This paper explains the engineering Waste Injection (WI) assurance process and shows examples where its application successfully supports the development of major drilling projects where WI was a critical part of the operation. The methodology followed by the process gives the tools to manage responsible and safely a permanent disposal of the drilling waste while maintaining drilling pace and schedules. The process begins with a full feasibility study FEED where accurate geomechanical modeling is required to define the optimal operational conditions to achieve success during the injection, disposal formation, containment zones, capacity, and operational parameters are defined in the study. The next stage is the calibration of the model with a full injectivity test into the target formation. Once the injection operation begins, monitoring injection and decline pressures allows total control and verification of the injection parameters to maintain control of the waste disposal domain. Injection pressure analysis, during and post injection, determines how the fracture system is behaving as WI progresses. Recalculation of the main geomechanical formation parameters based on the formation pressure response needs to be conducted in order to obtain accurate forecast of the disposal domain and formation capacity. As conclusion, more than 28 MM bbls of waste have been successfully injected worldwide, reducing considerably the impact to the environment compared to conventional disposal options.


Waste Injection, WI, operations were initiated at the end of the 80's decade, when reduced volumes of oily waste combined with drilled cuttings where injected into the subsurface through tubular or annulus spaces. Some of these operations could be considered just like pumping jobs without the understanding of the real injection process neither the behavior nor response of the disposal formation.

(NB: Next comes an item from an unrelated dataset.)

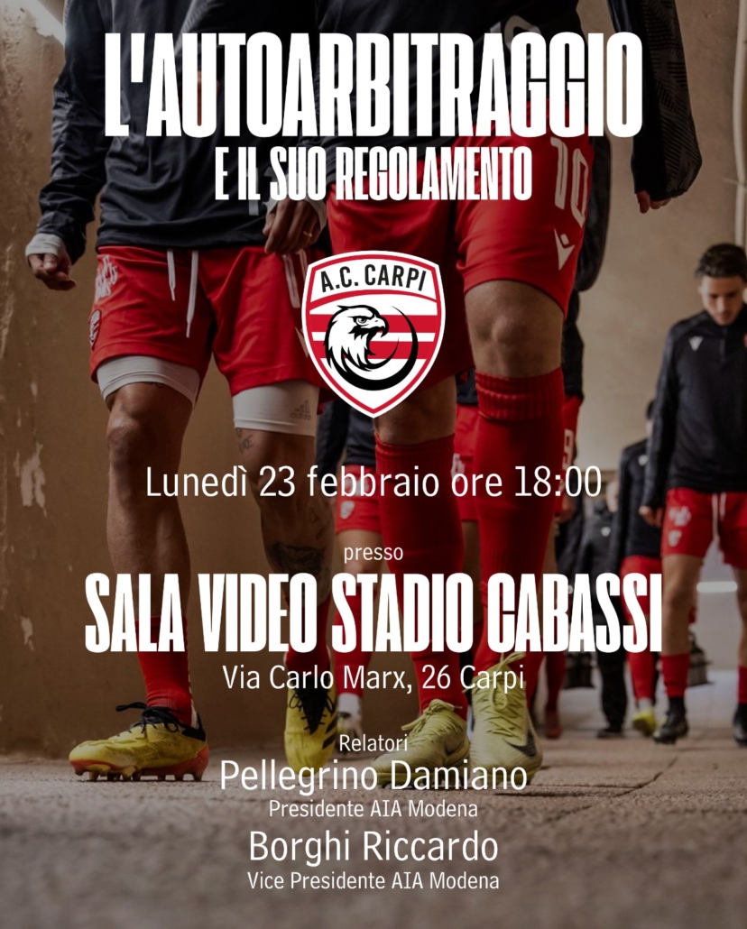 Si terrà Lunedì 23 Febbraio, alle ore 18.00, presso la Sala Video dello Stadio Cabassi (Via Carlo Marx n.26) l’incontro di approfondimento promosso dall’AC Carpi dal titolo “L’Autoarbitraggio e il suo regolamento”.

These procedures lead, in some instances, to non productive time events such as well plugging, disposal fracture screen outs, elevated operational pressures above equipment capabilities and in few cases even to more dramatic environmental impacts due to contamination caused by injected waste breaking to protected zones, i.e. aquifers or reaching to the sea bed. These events caused liabilities that generated negative economical effects, forcing organizations to create an engineering program that analyzes the overall process and helps understanding the subsurface waste injection and all its implications. Initially this program focused on monitoring the injection operation and defining the operational procedures required to guarantee the injectivity into the subsurface, nowadays the program has evolved to a fully systematic engineering assessment tool that uses the hydraulic fracturing theory to define the subsurface behavior of the fracture system created while pumping the waste into the selected disposal formation, the process is recognized in the E&P industry as the WI assurance process.


The search for new hydrocarbon resources has been pushing the exploration and drilling to new frontiers with extreme and sensitive conditions. Essentially WI was the response to the necessity of innovative technologies that allow E&P companies to drill in remote geographical areas under challenging conditions where traditional waste management techniques cannot be used.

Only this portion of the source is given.